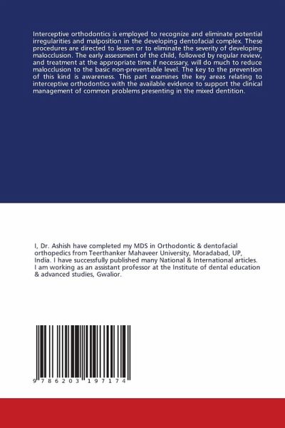 Interceptive orthodontics is employed to recognize and eliminate potential irregularities and malposition in the developing dentofacial complex. These procedures are directed to lessen or to eliminate the severity of developing malocclusion. The early assessment of the child, followed by regular review, and treatment at the appropriate time if necessary, will do much to reduce malocclusion to the basic non-preventable level. The key to the prevention of this kind is awareness. This part examines the key areas relating to interceptive orthodontics with the available evidence to support the clinical management of common problems presenting in the mixed dentition.
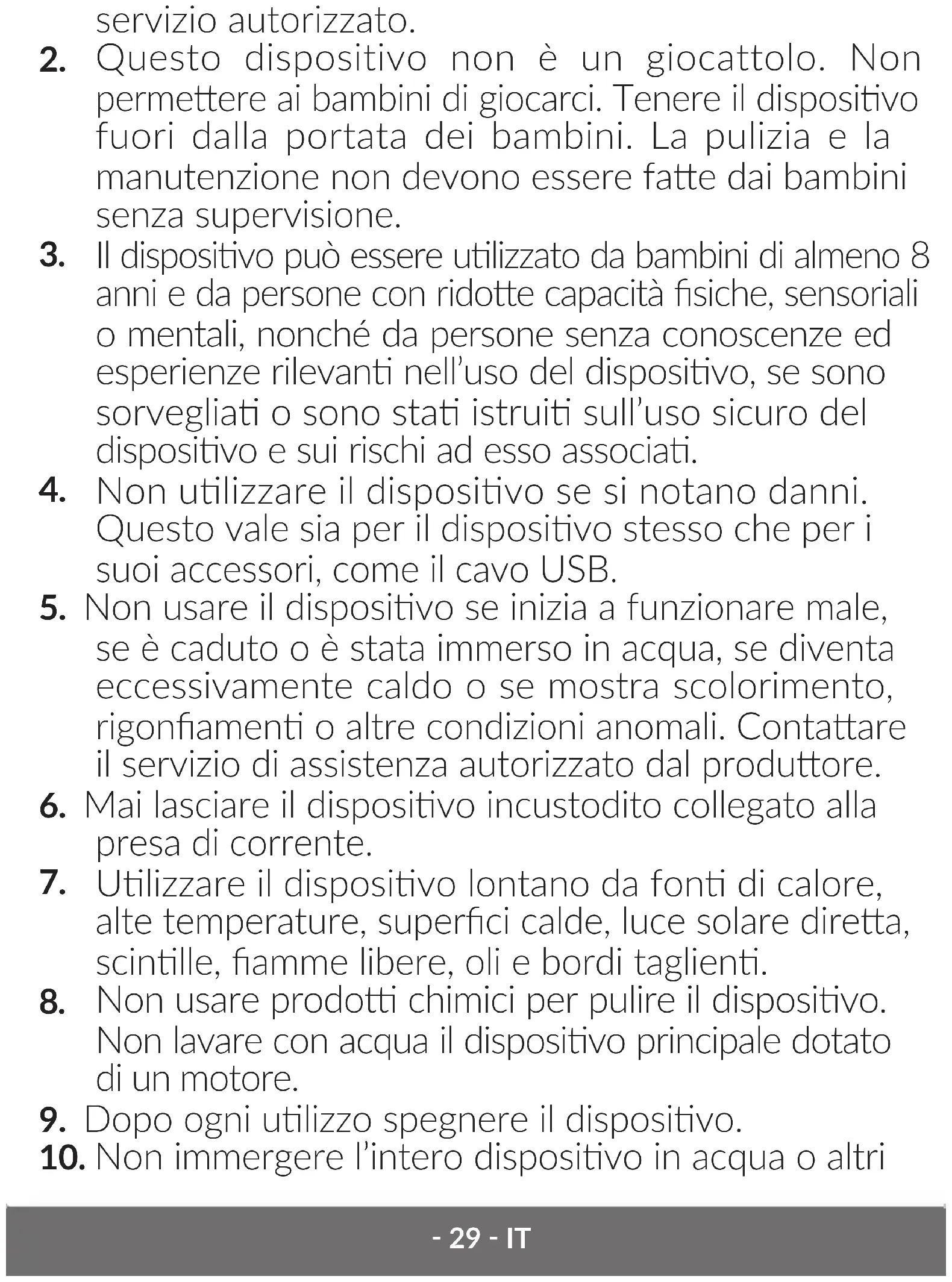 Questo dispositivo non è un giocattolo. Non permeere ai bambini di giocarci. Tenere il disposivo fuori dalla portata dei bambini. La pulizia e la manutenzione non devono essere fae dai bambini senza supervisione.
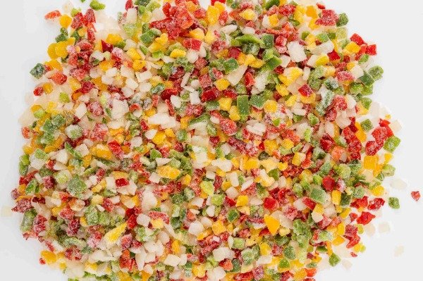 Mezcla de cubos de pimientos rojos, verdes y amarillos con cubos de cebolla congelados I.Q.F. Una explosión de colores para tus tacos o para acompañar tus platos favoritos.
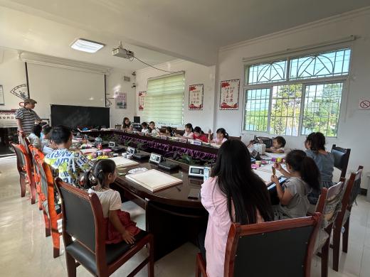为丰富孩子们的周末时光,右二村组织开展周末少儿美术培训班,主讲老师由蒙安夕舍艺术美学主理人王庆能和其创业伙伴兼任,负责教授孩子们美术知识和创作辅导,并且出资帮助孩子们办画展。未来,成人导航 也将以志愿服务活动为载体,通过搭建网络教室,组织学院师生为孩子们开展“云上美育课堂”“云上乡土讲堂”等,让教育没有距离。

-- ASSIGNMENT --
Repeat only the lines from the one with "Questo dispositivo non" through the end of the data, both included and exactly as written. Pictures stay out of the copy.

-- TASK RESULT --
 Questo dispositivo non è un giocattolo. Non permeere ai bambini di giocarci. Tenere il disposivo fuori dalla portata dei bambini. La pulizia e la manutenzione non devono essere fae dai bambini senza supervisione.
 Mezcla de cubos de pimientos rojos, verdes y amarillos con cubos de cebolla congelados I.Q.F. Una explosión de colores para tus tacos o para acompañar tus platos favoritos.
为丰富孩子们的周末时光,右二村组织开展周末少儿美术培训班,主讲老师由蒙安夕舍艺术美学主理人王庆能和其创业伙伴兼任,负责教授孩子们美术知识和创作辅导,并且出资帮助孩子们办画展。未来,成人导航 也将以志愿服务活动为载体,通过搭建网络教室,组织学院师生为孩子们开展“云上美育课堂”“云上乡土讲堂”等,让教育没有距离。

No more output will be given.